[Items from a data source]
* * * * * * *

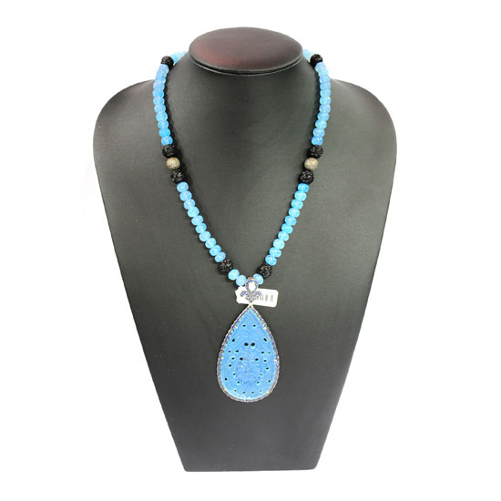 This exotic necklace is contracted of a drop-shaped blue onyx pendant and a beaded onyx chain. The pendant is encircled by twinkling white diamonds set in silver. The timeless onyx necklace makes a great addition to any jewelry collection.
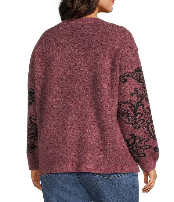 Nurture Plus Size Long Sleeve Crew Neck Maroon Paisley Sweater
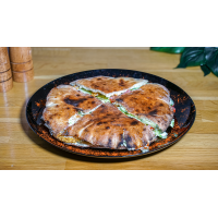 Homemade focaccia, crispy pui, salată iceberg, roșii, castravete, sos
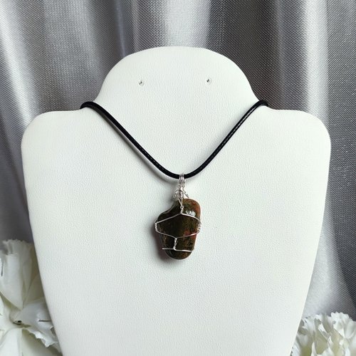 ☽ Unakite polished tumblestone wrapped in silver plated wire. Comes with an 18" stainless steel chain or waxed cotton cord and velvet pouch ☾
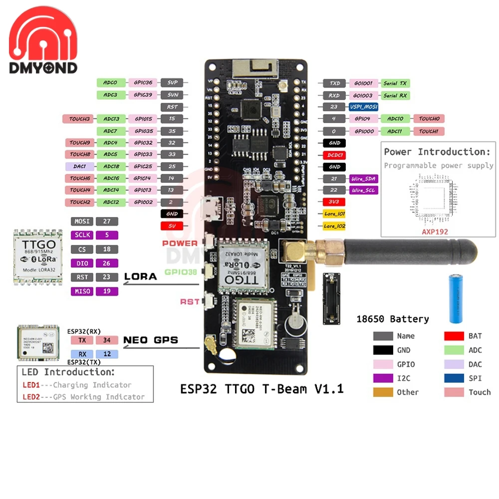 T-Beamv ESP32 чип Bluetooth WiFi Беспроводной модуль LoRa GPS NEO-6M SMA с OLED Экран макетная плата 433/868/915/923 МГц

* * * * * * *

### What is being asked
Reproduce nothing but the lines from the line containing "Nurture Plus Size" through the last line of the data above, exactly as written and without pictures.

### Answer below
 Nurture Plus Size Long Sleeve Crew Neck Maroon Paisley Sweater
 Homemade focaccia, crispy pui, salată iceberg, roșii, castravete, sos
 ☽ Unakite polished tumblestone wrapped in silver plated wire. Comes with an 18" stainless steel chain or waxed cotton cord and velvet pouch ☾
 T-Beamv ESP32 чип Bluetooth WiFi Беспроводной модуль LoRa GPS NEO-6M SMA с OLED Экран макетная плата 433/868/915/923 МГц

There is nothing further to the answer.